→ GIVEN DATA

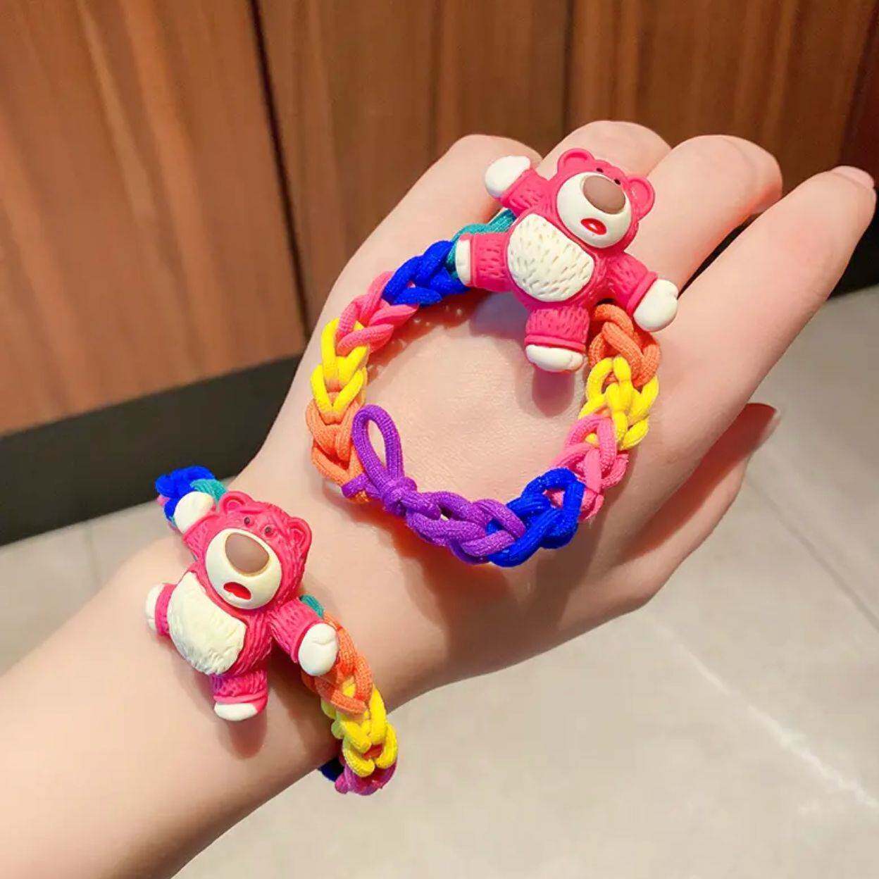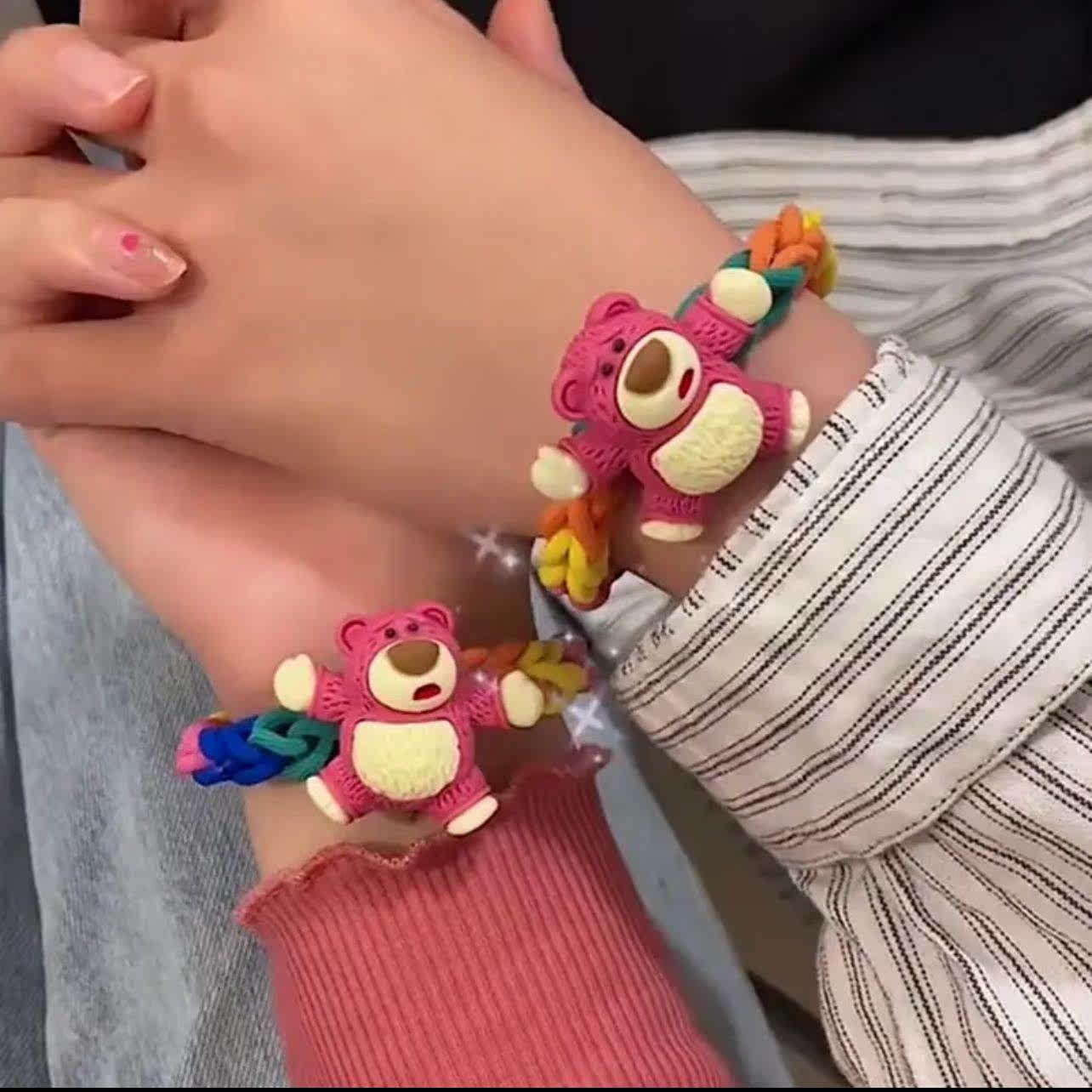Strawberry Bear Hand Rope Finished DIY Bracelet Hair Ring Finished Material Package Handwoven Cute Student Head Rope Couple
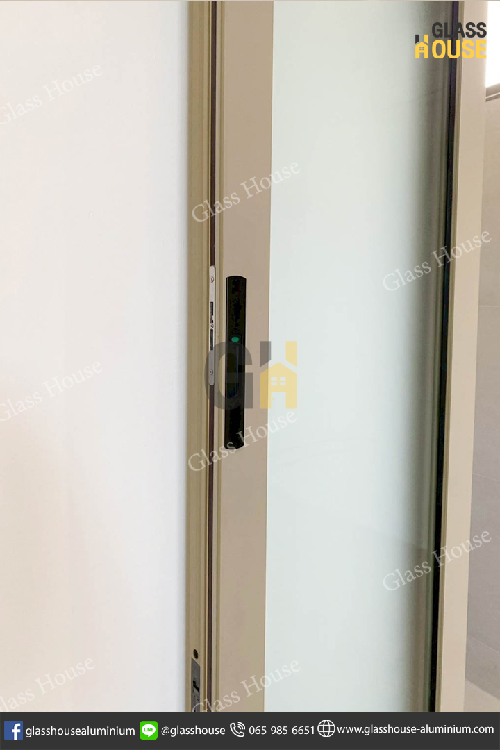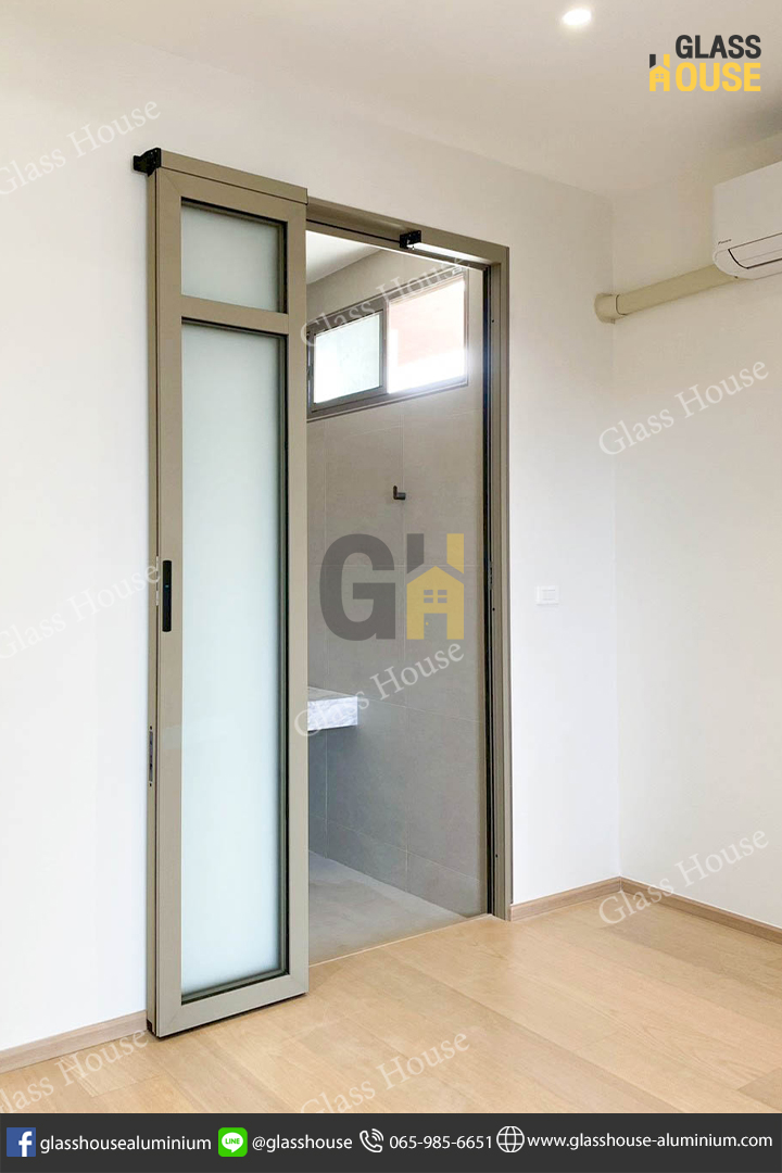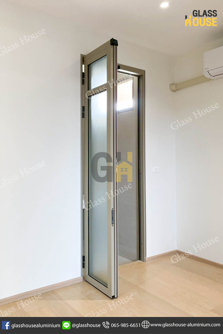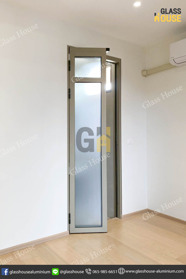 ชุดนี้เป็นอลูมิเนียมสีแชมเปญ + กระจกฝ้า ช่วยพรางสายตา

* * *

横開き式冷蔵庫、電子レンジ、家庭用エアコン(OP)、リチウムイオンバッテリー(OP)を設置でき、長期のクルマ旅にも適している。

→ TASK TO CARRY OUT
Starting at the line above that holds "Strawberry Bear Hand", repeat every line exactly down to and including the line that holds "ชุดนี้เป็นอลูมิเนียมสีแชมเปญ + กระจกฝ้า", then stop. Do not carry over any pictures.

→ SOLUTION BELOW
Strawberry Bear Hand Rope Finished DIY Bracelet Hair Ring Finished Material Package Handwoven Cute Student Head Rope Couple
 ชุดนี้เป็นอลูมิเนียมสีแชมเปญ + กระจกฝ้า ช่วยพรางสายตา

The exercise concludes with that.